El mundo teme a la ciencia tanto como la admira, y quizá ahí, en esa sensatísima contradicción, esté una de las explicaciones del porqué ligan tanto y ha dado tan buenos frutos el encuentro entre estos dos géneros. Brian Aldiss, en su aún por traducir pero no por ello menos brillante y absolutamente necesario ensayo Billion Year Spree. The True History of Science Fiction, identifica la novela gótica como molde común del que nacen, o evolucionan, los dos géneros. Si ese común origen es cierto, que podría ser, nada nos sorprenden los frutos que dan estos géneros cuando se juntan. Al fin y al cabo, como dice Aldiss en el mismo libro: “la ciencia ficción siempre ha sido, en general, una literatura lúgubre”.
En este sentido, no es de extrañar que tantos críticos de ciencia ficción sitúen el origen del género en el Frankenstein de Mary Shelley, que, sí, hibrida los dos géneros con total maestría y naturalidad, y en ese sentido es tanto una cosa como la otra. Lo que me causa, a mí, mis propios debates internos, es que no tengo tan claro que esto sea el resultado de una deliberada, meditada y meticulosa intención consciente, o el feliz resultado de una casualidad (lo cual no restaría un ápice de valor ni mérito a esa obra maestra, claro). Dr. Jekyll y Mr. Hyde es la otra novela que prefigura la carrera futura, compartida, de estos dos géneros, aunque, en este caso, también me debato sobre la autoconsciencia de Stevenson, de si era o no sabedor de lo que estaba consiguiendo.
Esas posibilidades, adentrarse con la escritura en lo que te plantean esas distorsiones, las del terror y la ciencia ficción, puede dar, como fruto, tanto exploraciones insospechadas de la cambiante naturaleza humana, como imágenes un poco ridículas y cutres en un contexto de desenfado que igual haga que la fusión se escore más hacia el horror comedy, que también funciona, aunque el resultado normalmente se interprete más por lo que tiene de humorístico que de terror o cienciaficcionesco. Pero cuando los dos géneros se juntan, jugando sus cartas, presentándose tal como son, es cuando mejor funcionan.
Esa querencia por la maravilla, ese antojo por lo desconocido y lo improbable, hacen que se puedan tender fácilmente los caminos hacia artefactos de una ciencia ficción de terror, o un terror de ciencia ficción.

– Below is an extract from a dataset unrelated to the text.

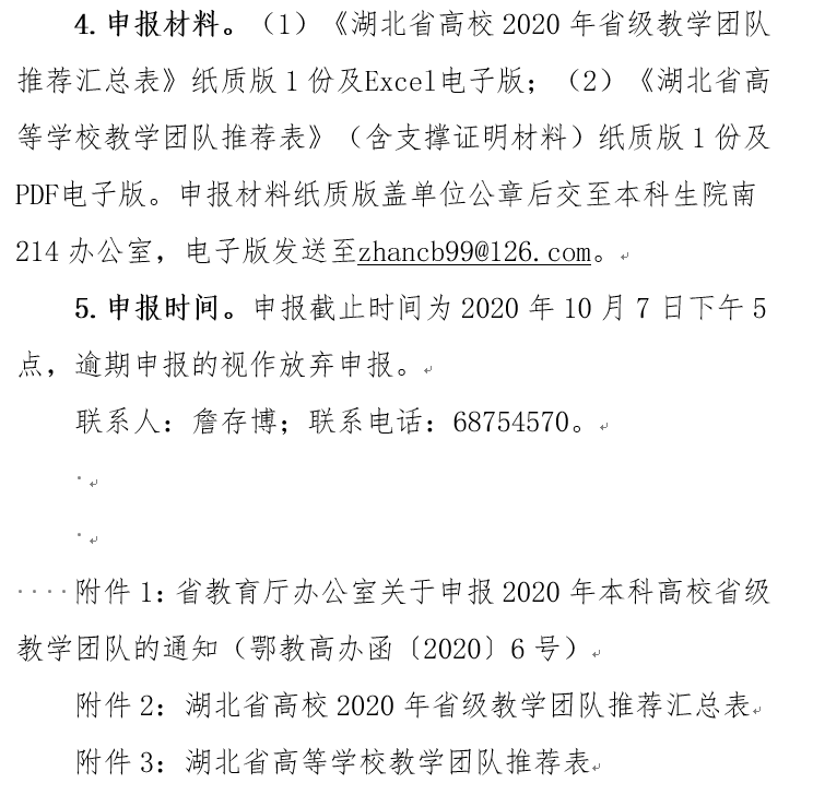 附件1:鄂教高办函〔2020〕6号 省教育厅办公室关于申报2020年本科高校省级教学团队的通知.pdf

Y aunque, como decía al principio, es en el cine donde mejores ejemplos podremos sacar, en literatura tenemos un puñadito que se me ocurren ahora, así, casi de improviso: Caminando hacia el fin del mundo, de Suzy McKee Charnas, Las estrellas son Legión, de Kameron Hurley, algunos tramos de La carretera, de Cormac McCarthy, la trilogía Plop, Subte y Frío, de Rafael Pinedo, y algunos cuentos de James Tiptree, Jr., como “Carne de probada moralidad” o “Beaver Tears”. Todos son buenos ejemplos de lo que es capaz de conseguir, en página impresa, el terror en la ciencia ficción. De cómo esas gotas de terror se expanden en el océano de la ciencia ficción, tiñéndolo de un tercer color nuevo, apartado, que no es de un género ni del otro, sino del híbrido que, juntos, conforman.